URI google = new URI("http://www.google.com");
URI wikipedia = new URI("http://www.wikipedia.org");
URI jgrapht = new URI("http://www.jgrapht.org");

// add the vertices
g.addVertex(google);
g.addVertex(wikipedia);
g.addVertex(jgrapht);

添加邊：

// add edges to create linking structure
g.addEdge(jgrapht, wikipedia);
g.addEdge(google, jgrapht);
g.addEdge(google, wikipedia);
g.addEdge(wikipedia, google);

圖數據庫 Nebula Graph Database

JGraphT 通常使用本地文件作爲數據源，這在靜態網絡研究的時候沒什麼問題，但如果圖網絡經常會發生變化——例如，股票數據每日都在變化——每次生成全新的靜態文件再加載分析就有些麻煩，最好整個變化過程可以持久化地寫入一個數據庫中，並且可以實時地直接從數據庫中加載子圖或者全圖做分析。本文選用 Nebula Graph 作爲存儲圖數據的圖數據庫。

Nebula Graph 的 Java 客戶端 Nebula-Java [11] 提供了兩種訪問 Nebula Graph 方式：一種是通過圖查詢語言 nGQL [12] 與查詢引擎層 [13] 交互，這通常適用於有複雜語義的子圖訪問類型; 另一種是通過 API 與底層的存儲層（storaged）[14] 直接交互，用於獲取全量的點和邊。除了可以訪問 Nebula Graph 本身外，Nebula-Java 還提供了與 Neo4j [15]、JanusGraph [16]、Spark [17] 等交互的示例。

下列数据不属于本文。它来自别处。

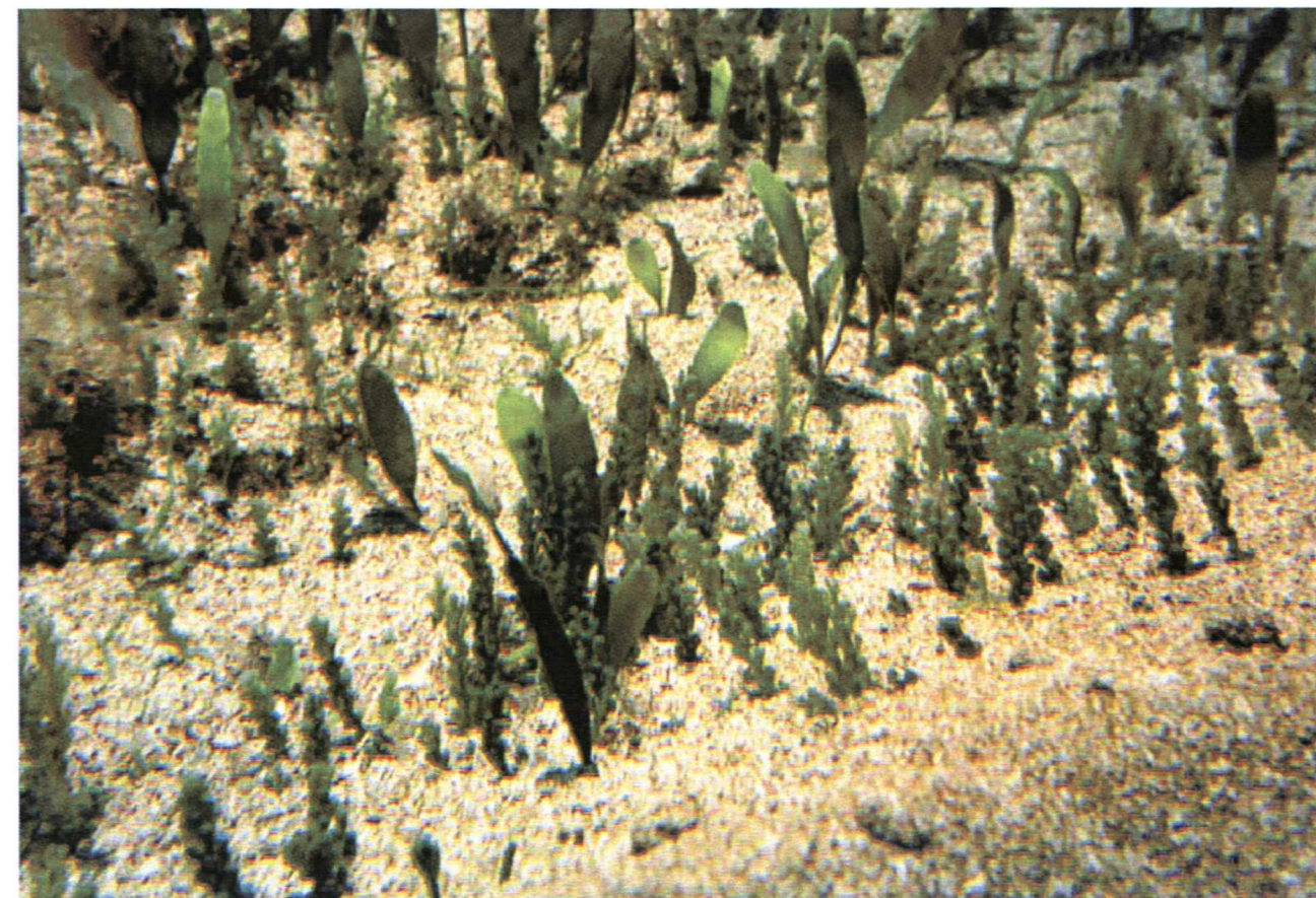
Foto 4: Stazione 6 - Particolare delle due Specie del Genere Caulerpa: "C. racemosa" e "C. prolifera" sul Fondale di Sabbia Grossolana. Si noti la Natura Instabile del Fondale.

在本文中，我們選擇直接訪問存儲層（storaged）來獲取全部的點和邊。下面兩個接口可以用來讀取所有的點、邊數據：

// space 爲待掃描的圖空間名稱，returnCols 爲需要讀取的點/邊及其屬性列，
// returnCols 參數格式：{tag1Name: prop1, prop2, tag2Name: prop3, prop4, prop5}
Iterator<ScanVertexResponse> scanVertex(
            String space, Map<String, List<String>> returnCols);
Iterator<ScanEdgeResponse> scanEdge(
            String space, Map<String, List<String>> returnCols);

第一步：初始化一個客戶端，和一個 ScanVertexProcessor。ScanVertexProcessor 用來對讀出來的頂點數據進行解碼：

MetaClientImpl metaClientImpl = new MetaClientImpl(metaHost, metaPort);
metaClientImpl.connect();
StorageClient storageClient = new StorageClientImpl(metaClientImpl);
Processor processor = new ScanVertexProcessor(metaClientImpl);

第二步：調用 scanVertex 接口，該接口會返回一個 scanVertexResponse 對象的迭代器：

Iterator<ScanVertexResponse> iterator =
                storageClient.scanVertex(spaceName, returnCols);

第三步：不斷讀取該迭代器所指向的 scanVertexResponse 對象中的數據，直到讀取完所有數據。讀取出來的頂點數據先保存起來，後面會將其添加到到 JGraphT 的圖結構中：

while (iterator.hasNext()) {
  ScanVertexResponse response = iterator.next();
  if (response == null) {
    log.error("Error occurs while scan vertex");
    break;
  }
  
  Result result =  processor.process(spaceName, response);
  results.addAll(result.getRows(TAGNAME));
}

讀取邊數據的方法和上面的流程類似。

在 JGraphT 中進行圖分析

第一步：在 JGraphT 中創建一個無向加權圖 graph：

Graph<String, MyEdge> graph = GraphTypeBuilder
                .undirected()
    .weighted(true)
    .allowingMultipleEdges(true)
    .allowingSelfLoops(false)
    .vertexSupplier(SupplierUtil.createStringSupplier())
    .edgeSupplier(SupplierUtil.createSupplier(MyEdge.class))
    .buildGraph();

第二步：將上一步從 Nebula Graph 圖空間中讀出來的點、邊數據添加到 graph 中：

for (VertexDomain vertex : vertexDomainList){
    graph.addVertex(vertex.getVid().toString());
    stockIdToName.put(vertex.getVid().toString(), vertex);
}

for (EdgeDomain edgeDomain : edgeDomainList){
    graph.addEdge(edgeDomain.getSrcid().toString(), edgeDomain.getDstid().toString());
    MyEdge newEdge = graph.getEdge(edgeDomain.getSrcid().toString(), edgeDomain.getDstid().toString());
    graph.setEdgeWeight(newEdge, edgeDomain.getWeight());
}

第三步：參考 [7,8] 中的分析法，對剛纔的圖 graph 使用 Prim 最小生成樹算法（minimun-spanning-tree），並調用封裝好的 drawGraph 接口畫圖：

普里姆算法（Prim's algorithm），圖論中的一種算法，可在加權連通圖裏搜索最小生成樹。即，由此算法搜索到的邊子集所構成的樹中，不但包括了連通圖裏的所有頂點，且其所有邊的權值之和亦爲最小。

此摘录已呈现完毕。